• _Exercise goal_: Word for word, return the lines below from the first through the line that has "ตะกรุดมัชจุราชหลวงพ่อทา วัดพะเนียงแตก จ.นครปฐม", dropping the pictures.

+ + +

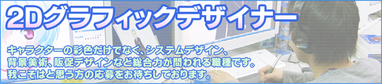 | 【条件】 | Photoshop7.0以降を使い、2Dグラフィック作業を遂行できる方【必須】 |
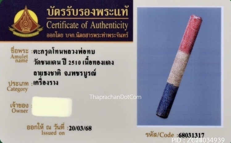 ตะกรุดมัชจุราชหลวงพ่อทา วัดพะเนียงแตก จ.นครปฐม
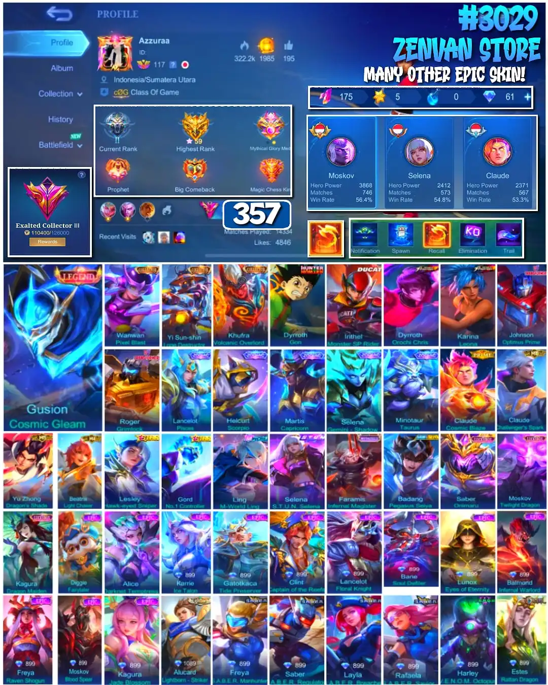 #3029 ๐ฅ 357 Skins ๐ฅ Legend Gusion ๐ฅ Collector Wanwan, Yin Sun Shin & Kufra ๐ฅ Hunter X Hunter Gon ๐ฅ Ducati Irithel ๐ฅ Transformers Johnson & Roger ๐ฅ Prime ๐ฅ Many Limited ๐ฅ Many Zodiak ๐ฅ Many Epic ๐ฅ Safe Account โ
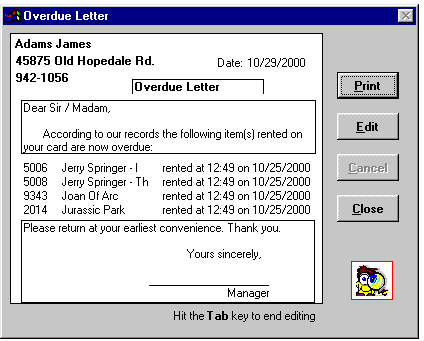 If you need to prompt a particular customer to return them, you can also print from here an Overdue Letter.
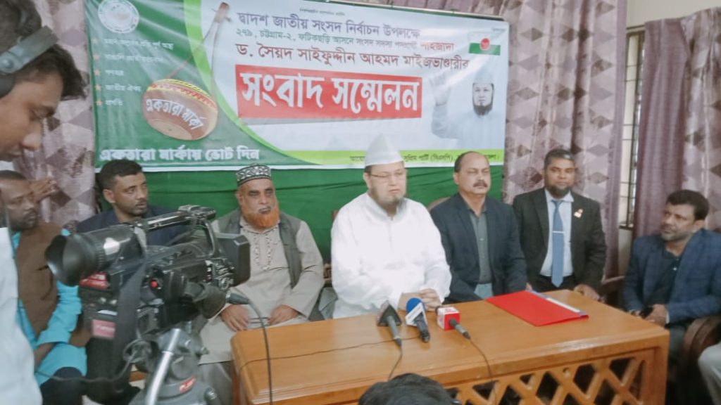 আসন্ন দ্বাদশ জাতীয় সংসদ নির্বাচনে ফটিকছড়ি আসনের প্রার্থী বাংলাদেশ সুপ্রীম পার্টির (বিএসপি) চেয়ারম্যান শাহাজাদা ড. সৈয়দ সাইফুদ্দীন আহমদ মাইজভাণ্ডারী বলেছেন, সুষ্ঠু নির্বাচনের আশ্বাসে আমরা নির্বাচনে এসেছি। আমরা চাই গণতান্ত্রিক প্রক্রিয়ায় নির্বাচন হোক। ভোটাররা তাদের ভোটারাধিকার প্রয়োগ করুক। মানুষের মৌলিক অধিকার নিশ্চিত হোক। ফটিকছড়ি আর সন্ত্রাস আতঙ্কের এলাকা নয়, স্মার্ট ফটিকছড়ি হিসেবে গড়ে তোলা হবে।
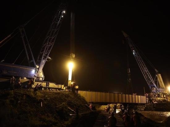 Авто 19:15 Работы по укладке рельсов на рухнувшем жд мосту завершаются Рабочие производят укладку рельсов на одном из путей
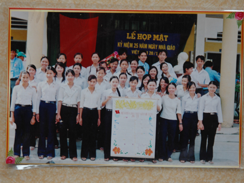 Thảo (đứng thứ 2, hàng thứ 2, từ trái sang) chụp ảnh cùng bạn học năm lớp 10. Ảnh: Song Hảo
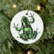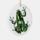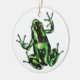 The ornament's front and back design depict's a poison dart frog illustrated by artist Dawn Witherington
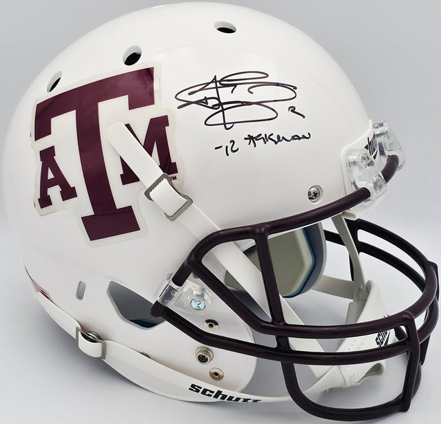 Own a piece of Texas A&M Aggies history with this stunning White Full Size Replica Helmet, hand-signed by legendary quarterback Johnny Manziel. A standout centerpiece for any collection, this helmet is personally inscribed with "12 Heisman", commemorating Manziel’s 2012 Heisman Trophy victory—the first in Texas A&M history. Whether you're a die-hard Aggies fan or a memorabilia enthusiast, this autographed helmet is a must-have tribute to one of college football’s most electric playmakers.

+ + +

• _Exercise answer_:
 | 【条件】 | Photoshop7.0以降を使い、2Dグラフィック作業を遂行できる方【必須】 |
 ตะกรุดมัชจุราชหลวงพ่อทา วัดพะเนียงแตก จ.นครปฐม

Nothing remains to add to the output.